Suffix automaton learning experience

Magic suffix automaton !!!

It can solve the following problems:
Problem 1: Analyzing substring

Run directly on the side of the suffix automaton, yet he went NULL string finish was the original sub-string string.

Suffix arrays: Ran sasasa, and then start from the smallest suffix, one back enumeration record to match the current location, if the match is not on it next suffix, otherwise moved back one position. If the enumeration is over suffix has not completely match the original string is not a string.


Problem 2: The number of sub-strings of different
DAG on DP. For a node i, f [i] represents the number of sub-string (excluding the empty string) starting from iii. Then, f [i] is equal to ( i , j ) E d g e ( f [ j ] + 1 ) \sum_{(i,j)\in Edge}(f[j]+1) . f [1] that is the answer.

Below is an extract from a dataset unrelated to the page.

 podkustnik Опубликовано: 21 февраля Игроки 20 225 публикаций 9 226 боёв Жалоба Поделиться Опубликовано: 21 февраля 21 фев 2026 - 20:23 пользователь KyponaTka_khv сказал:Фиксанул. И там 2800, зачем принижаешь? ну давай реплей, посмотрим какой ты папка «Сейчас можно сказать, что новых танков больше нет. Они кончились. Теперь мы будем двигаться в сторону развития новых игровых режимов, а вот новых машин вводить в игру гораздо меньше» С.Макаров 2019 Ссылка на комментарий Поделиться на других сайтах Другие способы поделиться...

Suffix Array: length of each suffix height minus the sum.
Question 3: In the original string all substring (not the same a) large dictionary which is the i-th order ( Los Valley P3975 )

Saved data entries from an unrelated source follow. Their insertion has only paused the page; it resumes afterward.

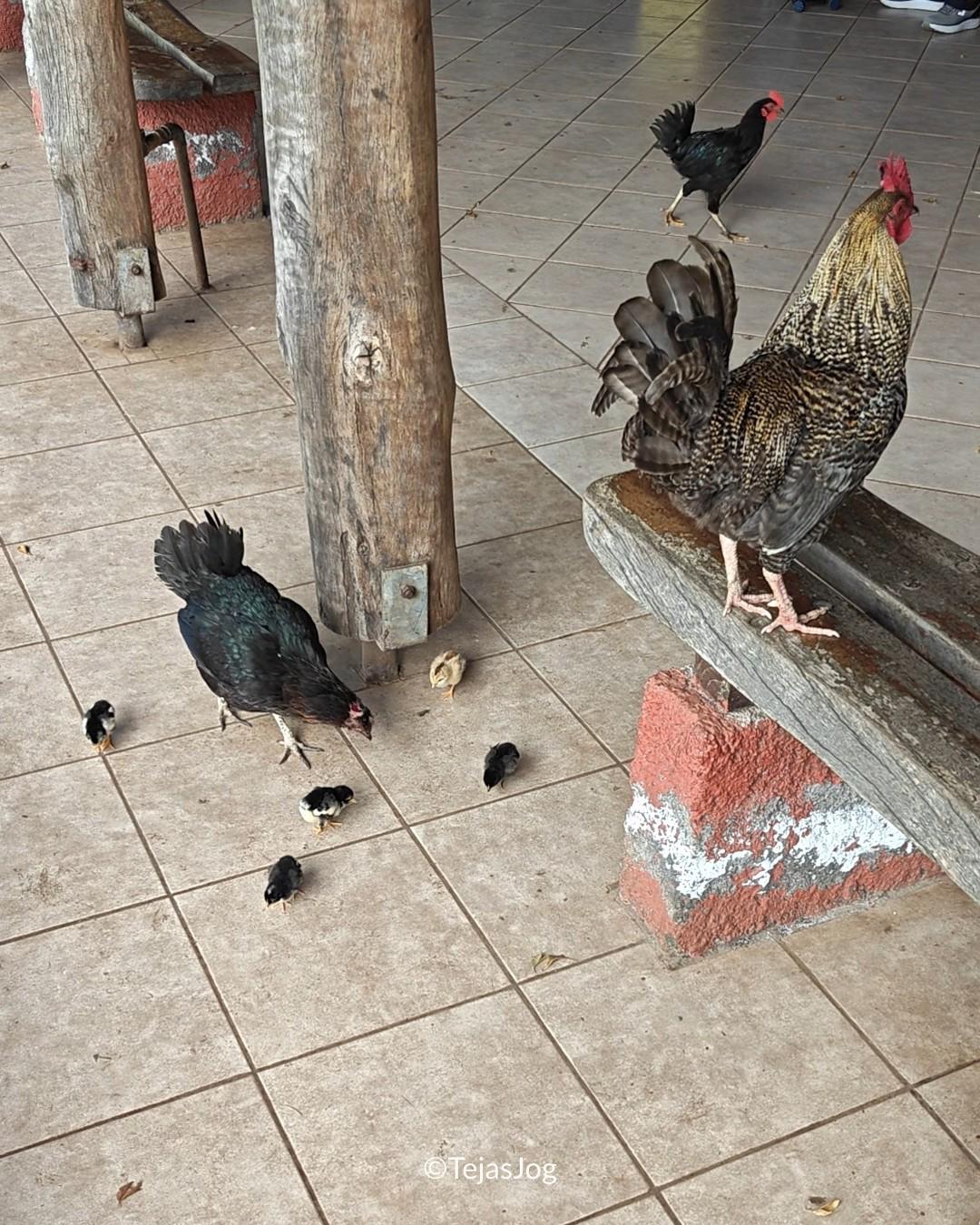 Our guide dropped us off at the airport. We were auto-assigned window seats in the same row on either side of the aircraft. We tried to get seats together, but the only ones available were at the back with less legroom. So we decided to keep our existing seats for this flight. There was a police verification before security check. The departure area of the airport had an open garden with an assortment of poultry running around, which was something we had not seen before. It was nice to spend time outdoors while waiting for the flight. The garden also had very nice views of the tarmac and the aircraft when it arrived.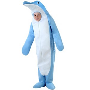 The Fun Costumes Dolphin Costume for KidsIf your child wants to experience some of the fun and magic of the ocean this Halloween, dress them up as the cutest dolphin around with our Dolphin costume for boys and girls! Our dolphin bodysuit features a light blue jumpsuit with a white belly. A dolphin face is detailed on the hood part of the suit, complete with a long nose and an appliqued mouth, eyes, and blowhole. A foam fin is attached in the back for stylish swimming. The flipper sleeves have slits so it's easy to use the hands, and the flipper shoe covers stay on with elastic bands under the feet.Product Details:100% polyester interlock knit over foam paddingLight blue jumpsuit has a white belly & front zipperAppliqued felt mouth, eyes, and blow hole on top of hoodFlipper sleeves have slits for the wrists to come outAttached flipper shoe covers have elastic band under footFoam fin on the backAbout Us:Fun Costumes are exclusively made by us and begin with passion, teamwork, and industry expertise decades in the making. Our products are proof that with the right people even a simple idea can grow into something incredible. We started in a small garage in Minnesota, providing costumes to our local community, and now we’re creating costumes for people all around the world.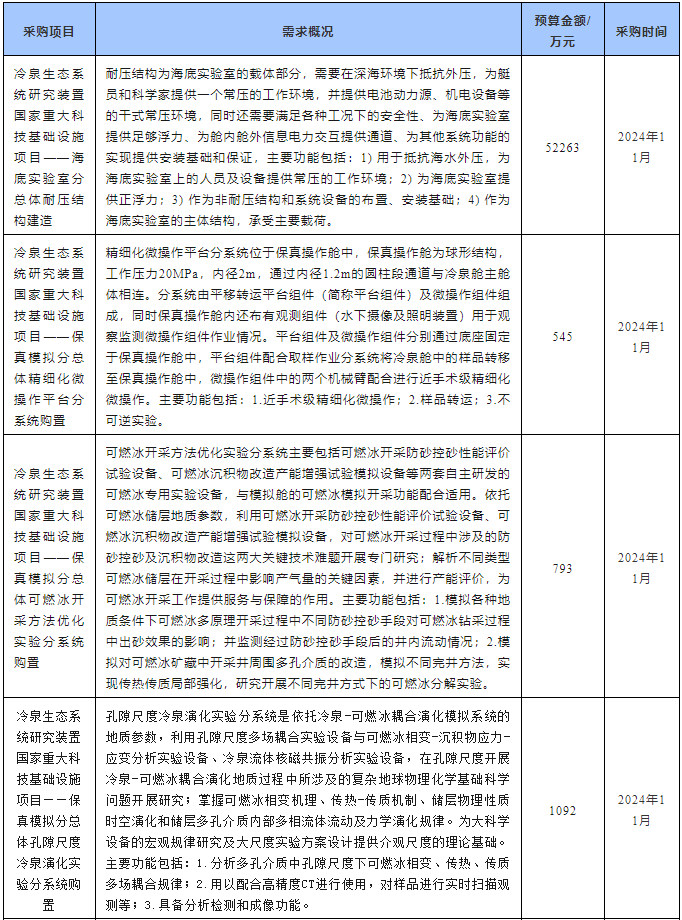 近日,中國科學(xué)院南海海洋研究所發(fā)布8項儀器設(shè)備采購意向,預(yù)算總額達5.61億元,涉及海底實驗室分總體耐壓結(jié)構(gòu)建造、保真模擬分總體精細(xì)化微操作平臺分系統(tǒng)、保真模擬分總體可燃冰開采方法優(yōu)化實驗分系統(tǒng)、保真模擬分總體孔隙尺度冷泉演化實驗分系統(tǒng)等,預(yù)計采購時間為2024年11~12月。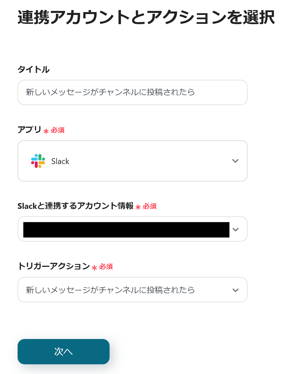 連携するアカウント情報にはステップ1でマイアプリ登録した際の情報が記載されます。アクションはそのままにし、「次へ」をクリックしましょう。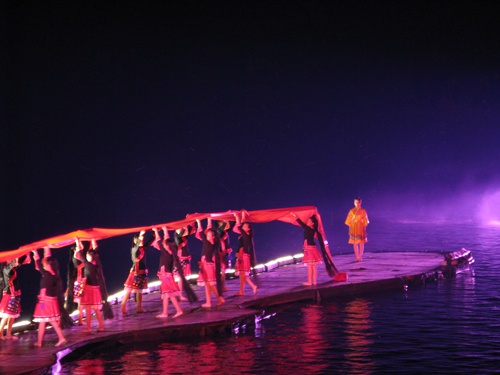晚上公司還特地為我們安排去看印象`劉三姐的演出,讓我們感受了一把當(dāng)?shù)厣贁?shù)民族的山水生活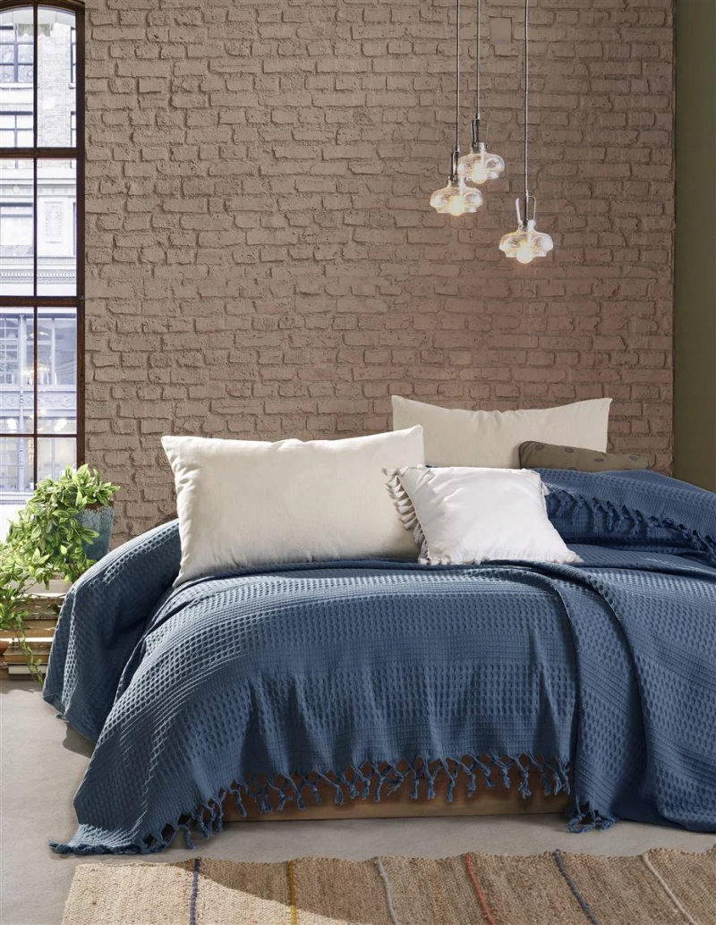 Κουβέρτα Πικέ Βαμβακερή Υπέρδιπλη 220x240εκ. Dobby Petrol DimCol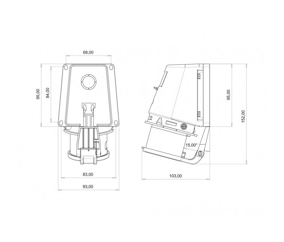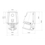 Вилка BC1-1505-2235 настенная с крышкой 16A, 5P(3P+PE+N, 380V-450V), IP44. Угол наклона 90 градусов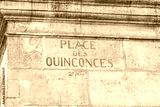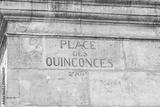 Place des Quinconces sign on the Fountain of the squre in Bordeaux, France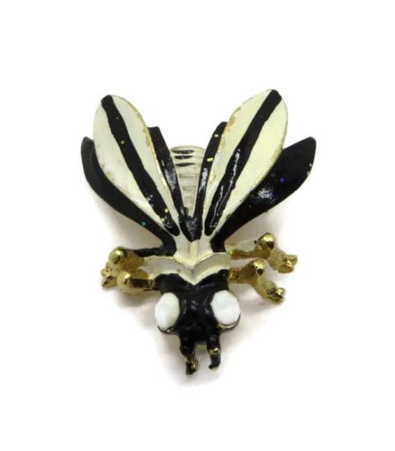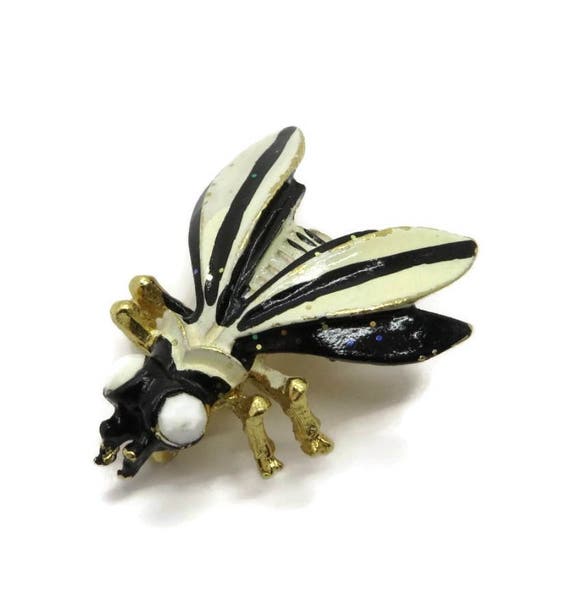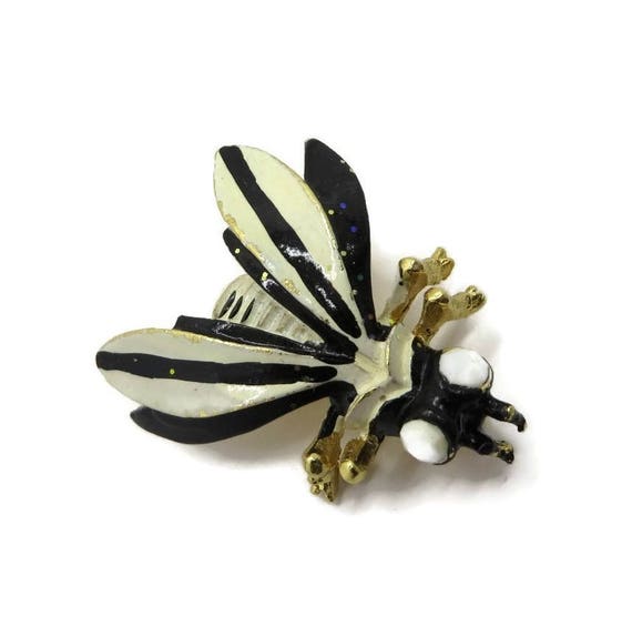 15% OFF coupon on Weiss Bee Brooch, Vintge Black and Cream Enamel Bee Pin, Gold Tone Wasp Brooch by LeesVintageJewels

First, the process of each node endpos size, i.e. the number of strings in each class appear in the original string. Consider dp, the size of the f [i], i represents a. For one node does not contain any prefix, f [i] = ( i , j ) E d g e f [ j ] \sum _{(i,j)\in Edge}f[j] and the DP g [i], represents the number of sub-string starting from III (excluding the empty set and the calculation is repeated), then g [i] = ( i , j ) E d g e ( g [ j ] + f [ j ] ) \sum_{(i,j)\in Edge}(g[j]+f[j])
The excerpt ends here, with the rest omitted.